The Hirsch-bar index: leave your boss' name out of the authors list

I think you know what the Hirsch-index is: if you have n papers cited at least n times – then your h-index is n. For instance, if out of your 10 papers two were cited 4 times, and the rest three times, then your h-index is 3. The index was introduced by Jorge Hirsch in 2005, and became an accepted tool to rank scientists within about one year: community found it useful that a scientist's productivity may be described by a single number. However, the h-index does not take into account such important things as the number of co-authors and the self-citations.

Recently Jorge Hirsch himself wrote a preprint, where he proposed a new, ħ (hbar) - index, that is aimed to solve at least one of these problems, multiple co-athorship. Indeed, the "mass graves" (sorry), published by high-energy physicists and the institute policies to include everyone's name to any article, can unreasonably increase the Hirsch-index, with no extra work.

Some of the h-index terminology before describing the ħ-index. You have the h-index n, if n of your papers belong to the "h core". The paper belongs to the h-core if it was cited n times or more. Your co-authors will probably have other h cores, and a given paper may belong there or not.

ħ - index is defined in a similar way: you have the ħ - index m if m of your papers belong to the ħ-core. But, the paper belongs to the ħ-core if it was cited m times or more and it also belongs to the h-core of your co-authors. (Actually, the latter h should be also ħ, but since the index would be extremely difficult to compute in this case, Hirsch decided to relax the condition a bit)

In other words, only if the paper improves the h-index of all the authors, it will contribute to your ħ-index. Imagine that you have the h-index of 20, and you have a paper cited 25 times, co-authored by a student with a h-index of 5. Then, it will be included in your and the student's ħ-index, because it belongs to the h-cores of both of you. But, if you add a third author to this paper, say, a director of your institute with a h-index of 45, the paper will not count for any of you, because it doesn't belong to the director's h-core.

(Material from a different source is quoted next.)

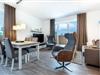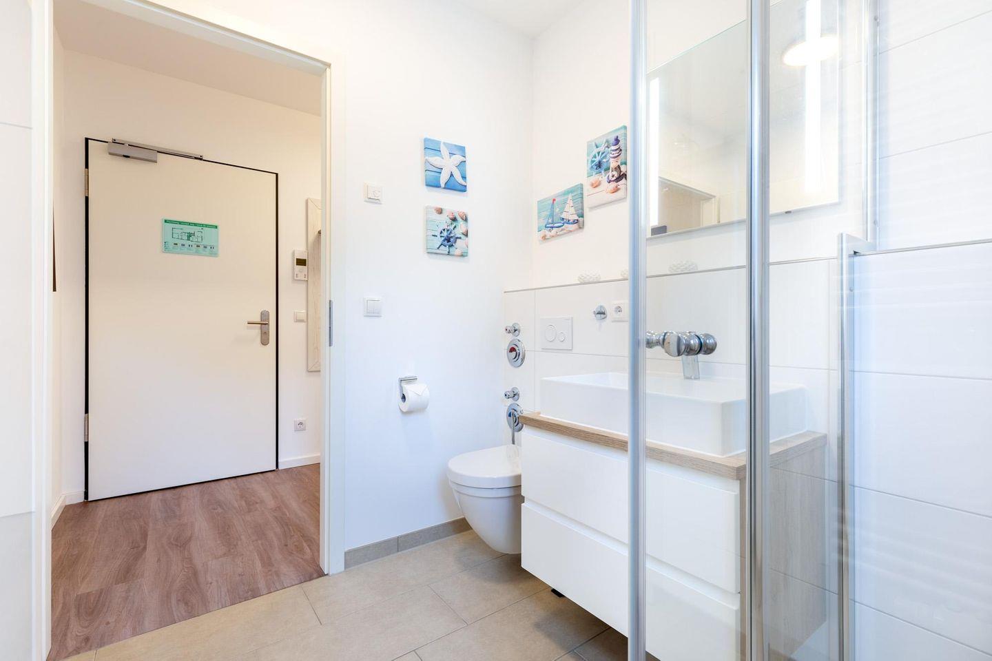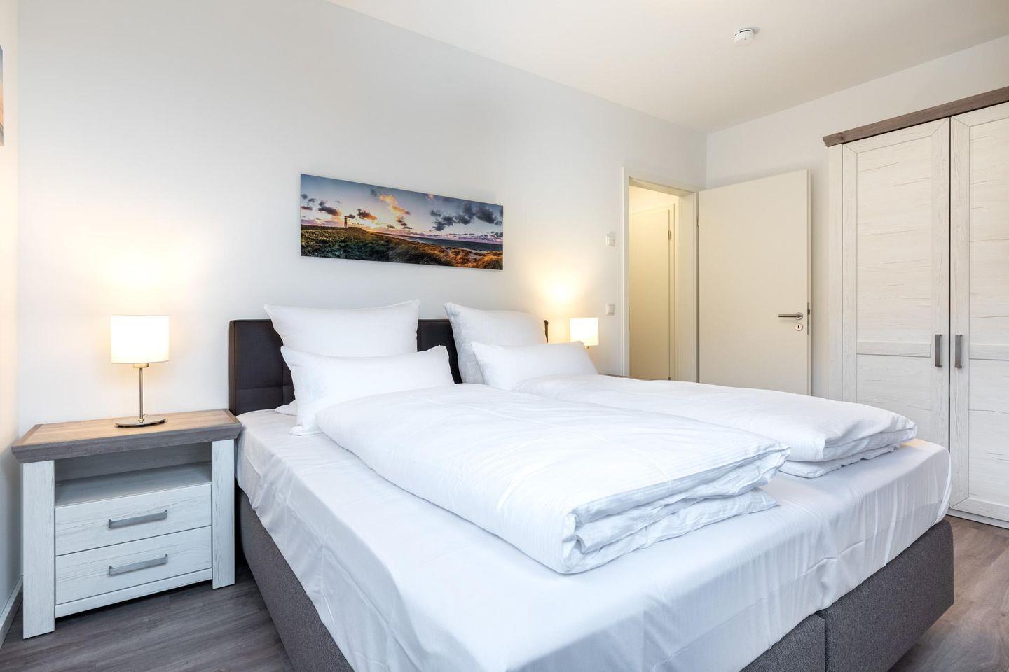 Das helle und moderne Nichtraucher-Apartment verfügt über Fußbodenheizung, bodentiefe Fenster mit 3-fach Isolierung, kostenfreies WLAN und eine voll ausgestattete offene Küche mit Geschirrspüler, Gefrierfach, Kaffeemaschine, Toaster, Wasserkocher, Backofen und Mikrowelle sowie über einen Essbereich. Im Wohnbereich befindet sich eine Doppelschlafcouch (1,60 x 2,00 m) und ein großer Flatscreen-TV mit Blu-ray-Player. Beide separaten Schlafzimmer sind jeweils mit einem modernen Boxspringbett (1,80 x 2,00 m) und Flatscreen-TV ausgestattet. Das großzügig konzipierte und stilvolle Badezimmer verfügt über eine ebenerdige Dusche, WC, Waschtisch, Föhn, Kosmetikspiegel und Handtuchheizkörper. Das Apartment verfügt über einen geräumigen Flur mit Garderobe. Auf der mit Gartenmöbeln und Sonnenschirm ausgestatteten Dachterrasse, lässt sich herrlich entspannen, sonnenbaden und gesellig beisammen sitzen. Die Dachterrasse ist vom Wohn-Essbereich aus begehbar. Das Apartment ist barrierefrei konzipiert.

So, if you have 200 papers, cited 44 times each and co-authored by your director, who has the h-index of 45, none of them will count, and your ħ-index will be zero. Hirsch expects this to stimulate young scientists to work independently. However, he mentions, that the ħ-index will be definitely useless for postdocs, since they are used to include senior scientists in their papers.

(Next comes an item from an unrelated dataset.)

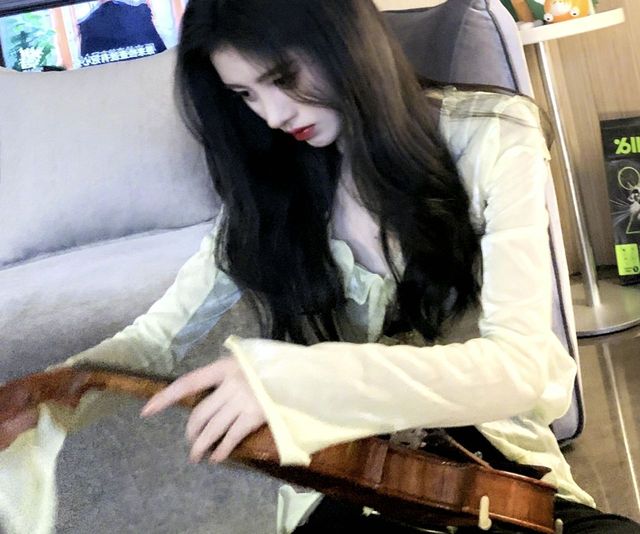 少女放下手中的小提琴

I wonder whether it will be possible to eliminate self-citations at some point.


Anonymous said...

I think with that index you're lucky, if your boss is a young professor, who's gonna collect the citations o his life in the future. If you're a student of - say - Robert Axelrod, you will have to wait a whole lifetime, until your hbar improves, no matter, how good you are.

Unknown said...

Dear Anonymous,

Well, this is true, and Hirsch himself mentions that the hbar-index will not work for postdocs and even for some of assistant professors, not mentioning PhD students.

So, this index is expected to be used to rank scientists with tenure or tenure-track positions.


Anonymous said...

To anonymous above: not so lucky. If your boss is a young professor his letter of recommendation will not help you nearly as much as if he was Robert Axelrod writing for his lower hbar student.